### EXERCISE AIM
Output the entries word for word. Omit images.

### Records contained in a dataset
# # # #
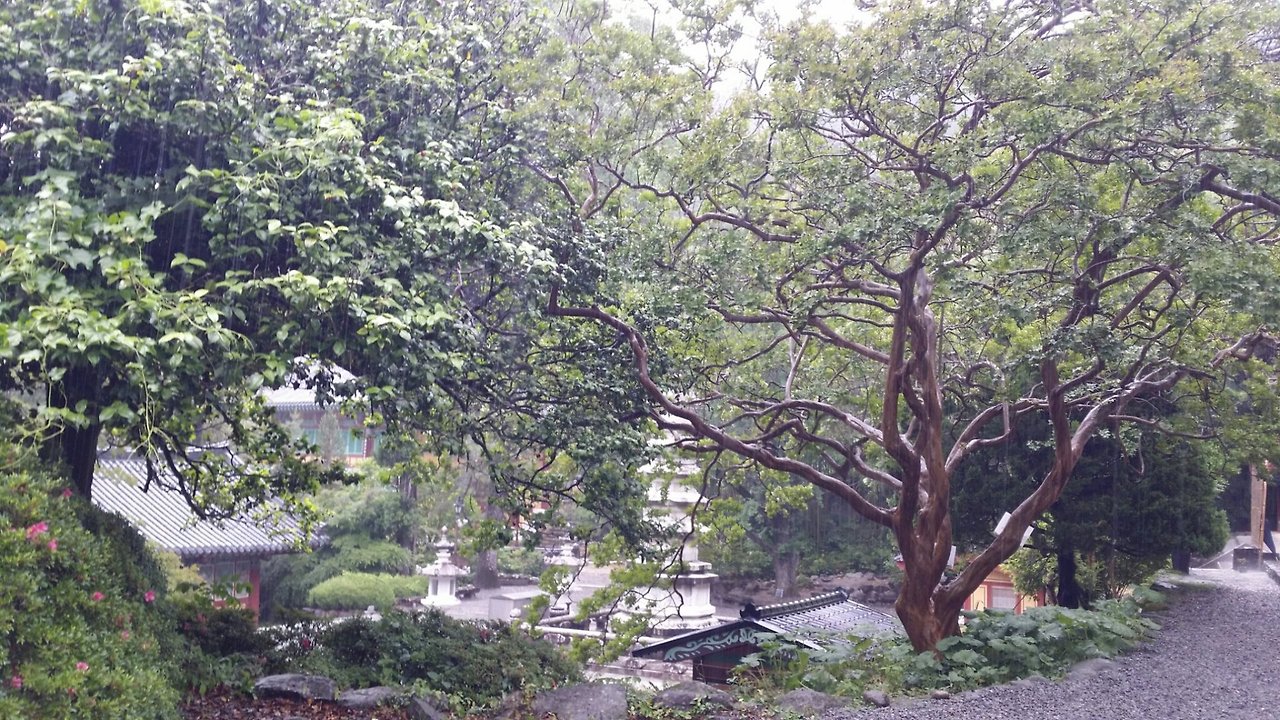 말없이 내리는 빗속을 아무 음악 소리도 없이
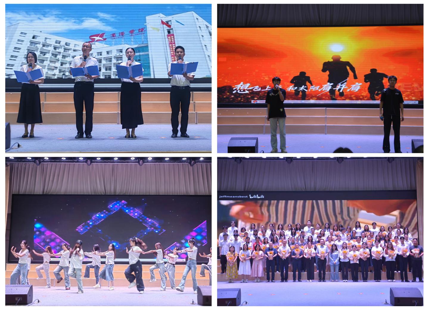 表彰大会上,王刚、赵萍君、刘玉婷、景宇四位老师通过朗诵诗歌《鹤城的风,吹过你们的梦》,表达对毕业生的依依不舍与深情祝福。在校同学带来的歌曲《我相信》、舞蹈《爱出发》释放了无限的青春活力,表达了对毕业学长学姐们的美好祝愿。受表彰的同学为全体教师献上了鲜花,表达他们对母校和老师的祝福与感恩之情。
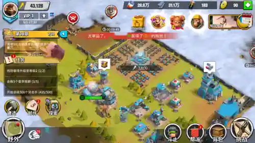 再来看看玩法,《猿族时代》作为一款SLG,在玩法上依然有着COK-like的影子,所有玩家都在超大沙盘中发育和对战,争夺资源,不过目前市面大部分SLG手游都是这样,以弱肉强食为玩点。
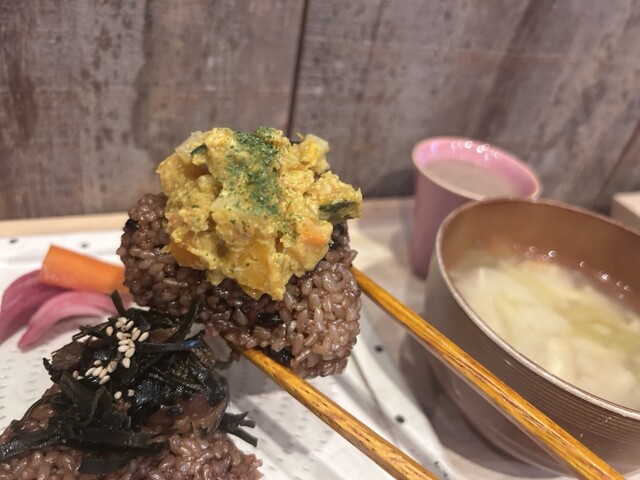 玄米ってあまり食べたことがなかったのですが、こちらのお店は酵素玄米のお店。店内でイートインしてみました
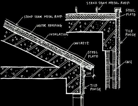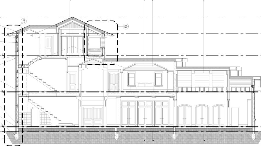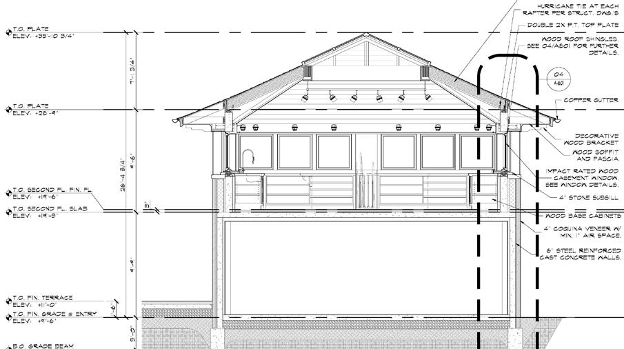 Construction Document section of artist studio, showcasing coquina stone veneers, cast concrete walls, and decorative wood detailing.
# # # #
### EXERCISE RESULT
 말없이 내리는 빗속을 아무 음악 소리도 없이
 表彰大会上,王刚、赵萍君、刘玉婷、景宇四位老师通过朗诵诗歌《鹤城的风,吹过你们的梦》,表达对毕业生的依依不舍与深情祝福。在校同学带来的歌曲《我相信》、舞蹈《爱出发》释放了无限的青春活力,表达了对毕业学长学姐们的美好祝愿。受表彰的同学为全体教师献上了鲜花,表达他们对母校和老师的祝福与感恩之情。
 再来看看玩法,《猿族时代》作为一款SLG,在玩法上依然有着COK-like的影子,所有玩家都在超大沙盘中发育和对战,争夺资源,不过目前市面大部分SLG手游都是这样,以弱肉强食为玩点。
 玄米ってあまり食べたことがなかったのですが、こちらのお店は酵素玄米のお店。店内でイートインしてみました
 Construction Document section of artist studio, showcasing coquina stone veneers, cast concrete walls, and decorative wood detailing.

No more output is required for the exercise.